The rise of digital health

With these results in hand, iRhythm is positioning Zio and its analytic power as pharmaceutical companies' and health plans' latest ally in a treatment landscape that increasingly relies on biometric data.

There have been 571 registered digital health studies in the U.S. over the last decade, ramping up from a handful in 2007 to nearly 140 in 2017, according to a recent report by market intelligence firm IQVIA Holdings Inc. While this number includes consumer-focused health apps and fitness trackers, clinical biometric studies have become a part of both healthcare companies' and payers' strategies, particularly as they look to make more efficient research and development decisions.

"We know that there is definitely an interest in what really is the more precise data about patients," Lenane said. "For device manufacturers and pharmaceutical companies, [it's] 'how can we get to that precision?'"

Digital health studies can also be far less expensive than typical mid- and late-stage drug and device trials, which require large patient pools, often cumbersome enrollment and logistical issues such as proximity to a participating hospital, all of which can rack up an average $20 million cost, according to IQVIA.

Meanwhile, for iRhythm, 14 days of continuous heartbeat monitoring amounts to 1.5 to 2 billion heartbeats' worth of data per patient, said Derrick Sung, iRhythm's executive vice president of strategy and corporate development.

The company has developed an artificial intelligence-based algorithm to compute those vast amounts of data, which will be handy for the next milestone, a three-year assessment of Zio's AF monitoring.

"Once this data rolls out, we envision it will be able to start the discussion amongst the clinical community and other health plans," he said.

Calculating stroke cost

"At the highest level, the question we're asking is: by actively monitoring these patients, can we ultimately reduce the long-term, downstream risk of stroke and any sort of cerebral vascular, or cardiovascular, event?" Sung said.

If so, the lower medical burden could be significant. Between 2.7 million and 6.1 million people in the U.S. have AF, according to figures from the U.S. Centers for Disease Control and Prevention. While a number of factors can lead to the roughly 795,000 strokes that occur a year in the country, AF increases risk by four or five times, the agency said.

Ultimately, it estimates that between healthcare costs, medicines and missed work, strokes cost the country an estimated $34 billion a year. Medicare, the U.S. health insurance program for the elderly and disabled, estimated average costs for an acute ischemic stroke to range from $11,898 to $20,270, depending on severity and length of hospital stay, according to its final rule on fiscal 2018 reimbursement rates.
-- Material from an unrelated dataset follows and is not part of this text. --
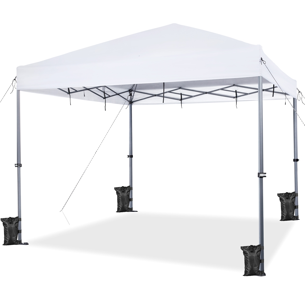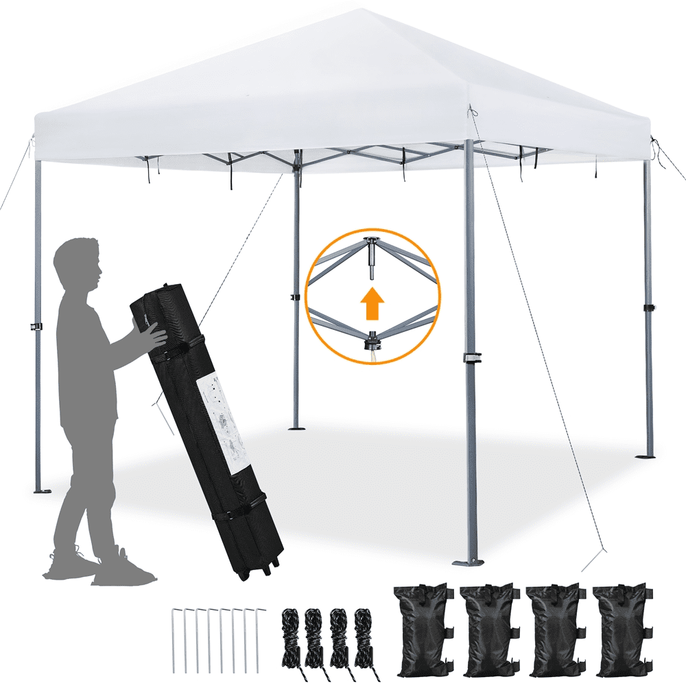 Renwick 12x12ft Outdoor Pop-up Canopy with One-Push-To-Lock Setup Mechanism, White: Canopy Color: White Materials: Powder-coated Steel, Polyester Fabric Assembled Dimensions: 12′ L × 12′ W × 7-9.5′ H Roller Bag: 9″ L × 9″ W × 57″ H / 0.7′ L × 0.7′ W × 4.8′ H Item Weight: 47.1 lb Shipping Weight: 50 lb

The Zio patch is already on the market to check for a range of irregular heart conditions. It has a U.S. list price of $995 and is covered by most major insurers, according to the company.

Zio retails for £800 in the U.K., according to the country's cost analysis body the National Institute for Health and Care Excellence, which assessed its effectiveness last year. Two of three physicians in the analysis said it would be unlikely to generate cost savings for the U.K. national health system because of its significant cost for each patient.
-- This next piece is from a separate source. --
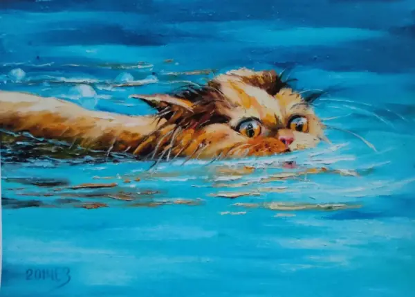 Cat Oil Painting Original Animal Artwork Pets Canvas Oil Art Ginger Cat Poster Giclee Jpg Print With Liquid Glass

IRhythm is looking to pin down more of the associated cost burden in undiagnosed AF through an ongoing study with health provider Kaiser Permanente Inc., which is already using Zio as a diagnostic tool and partnered on a 2016 analysis of heart risks using Zio data. Kaiser's investment arm, Kaiser Permanente Ventures, owns a minority stake in iRhythm.

By combining iRhythm's data and analytics with payers' information, "we're seeing this difference in care through better data analytics, and really being able to look at what that pattern of care is over time," Lenane said. She added that they hope to publish the results soon.

IRhythm is a top pick in the small-cap medical technology field for Canaccord Genuity healthcare analyst Jason Mills.

"We think Zio use as a screening tool for asymptomatic AF could generate a lot of attention from insurers (and investors alike)," he wrote in a Mar. 13 note, rating the stock as a "buy."